▶ _Your assignment_
How do the lines read from the one holding "- Dong, G.;" through the last line of the listing? Set them down exactly, pictures omitted.

▶ _Given information_
==*==

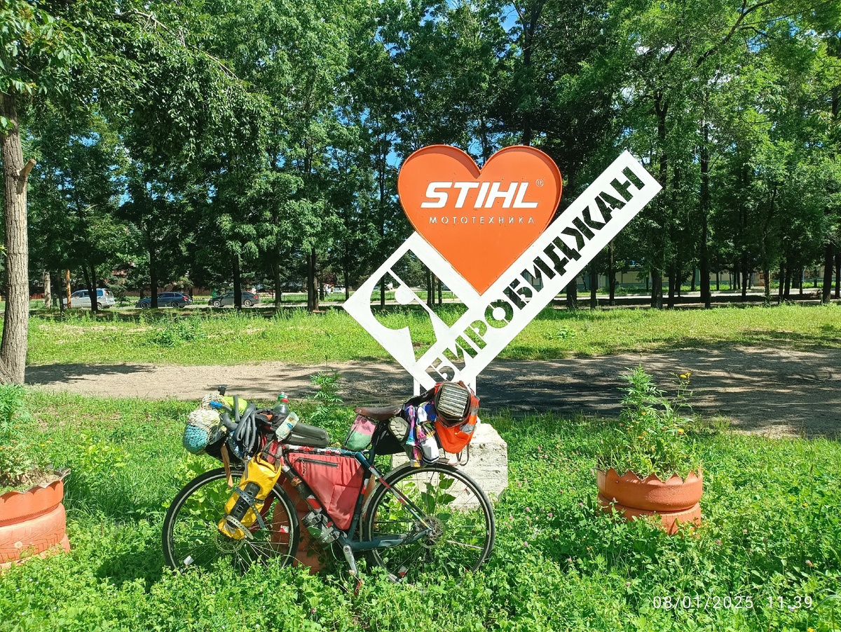 #Биробиджан Нашёл целых три стелы "я люблю биробиджан" Улица шолом алейхема, нумерация домов на двух языках, семисвечник на вокзале. Камер на велик не купил, у всех есть камеры на автонипель, ни у кого нет на presta. Уповаю на аллаха, что смогу доехать до Хабаровска без нескольких шиномонтажей и поклеек латка на латку по дороге [Олег Мачульский]
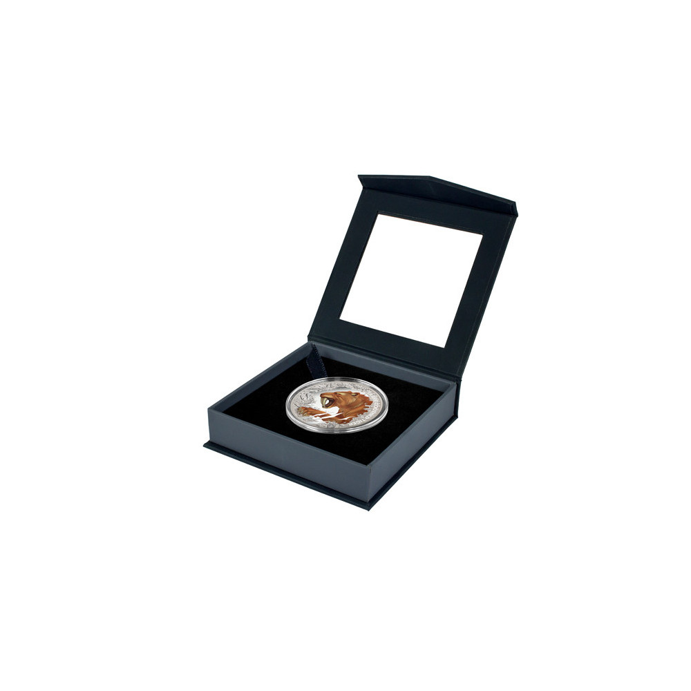 Die Münze ist in Proof-Qualität geprägt und zeichnet sich durch eine leuchtende Farbgebung und plastische Tiefe aus.
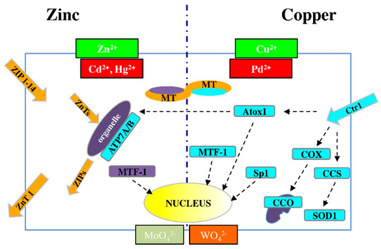 - Dong, G.; Chen, H.; Qi, M.; Dou, Y.; Wang, Q. Balance between metallothionein and metal response element binding transcription factor 1 is mediated by zinc ions (Review). Mol. Med. Rep. 2015, 11, 1582–1586. [Google Scholar] [CrossRef] [PubMed]
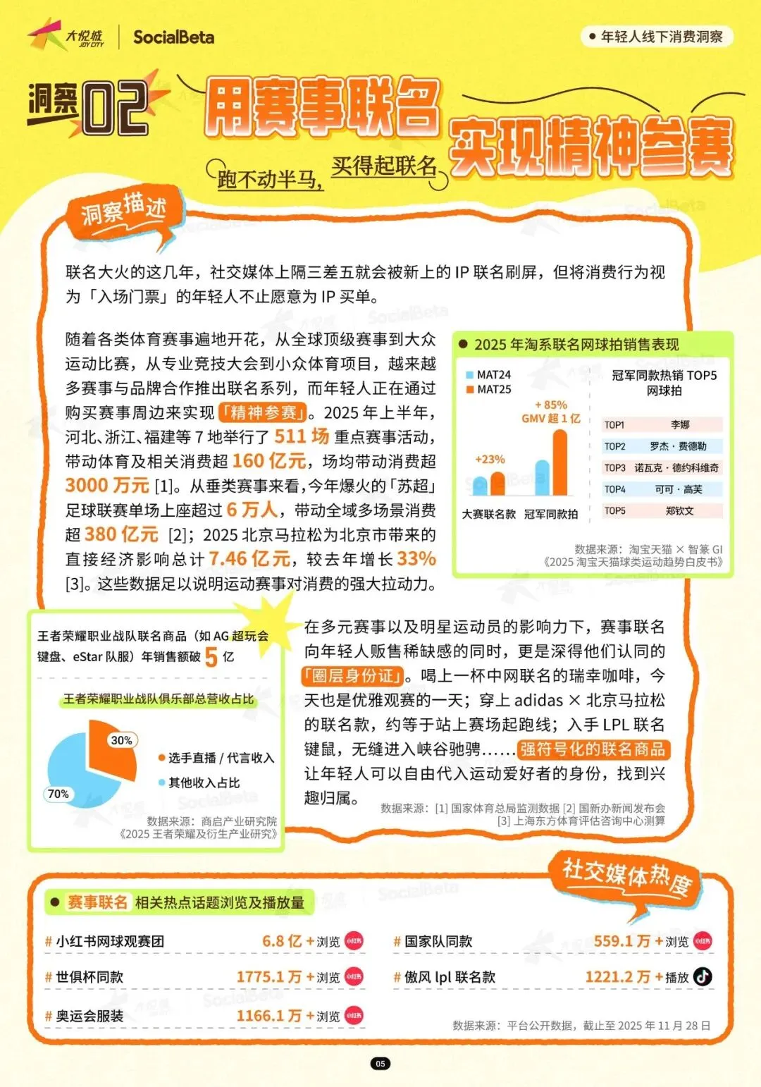 运动赛事的消费拉动力同样不容小觑。河北、浙江、福建等 7 地举办的相关赛事,直接经济影响总计达 7.46 亿元。年轻人热衷于购买赛事联名商品,以此获得 “圈层身份证”。59% 的年轻消费者会为强符号化的联名商品买单。

==*==

▶ _Answer to this exercise_
 - Dong, G.; Chen, H.; Qi, M.; Dou, Y.; Wang, Q. Balance between metallothionein and metal response element binding transcription factor 1 is mediated by zinc ions (Review). Mol. Med. Rep. 2015, 11, 1582–1586. [Google Scholar] [CrossRef] [PubMed]
 运动赛事的消费拉动力同样不容小觑。河北、浙江、福建等 7 地举办的相关赛事,直接经济影响总计达 7.46 亿元。年轻人热衷于购买赛事联名商品,以此获得 “圈层身份证”。59% 的年轻消费者会为强符号化的联名商品买单。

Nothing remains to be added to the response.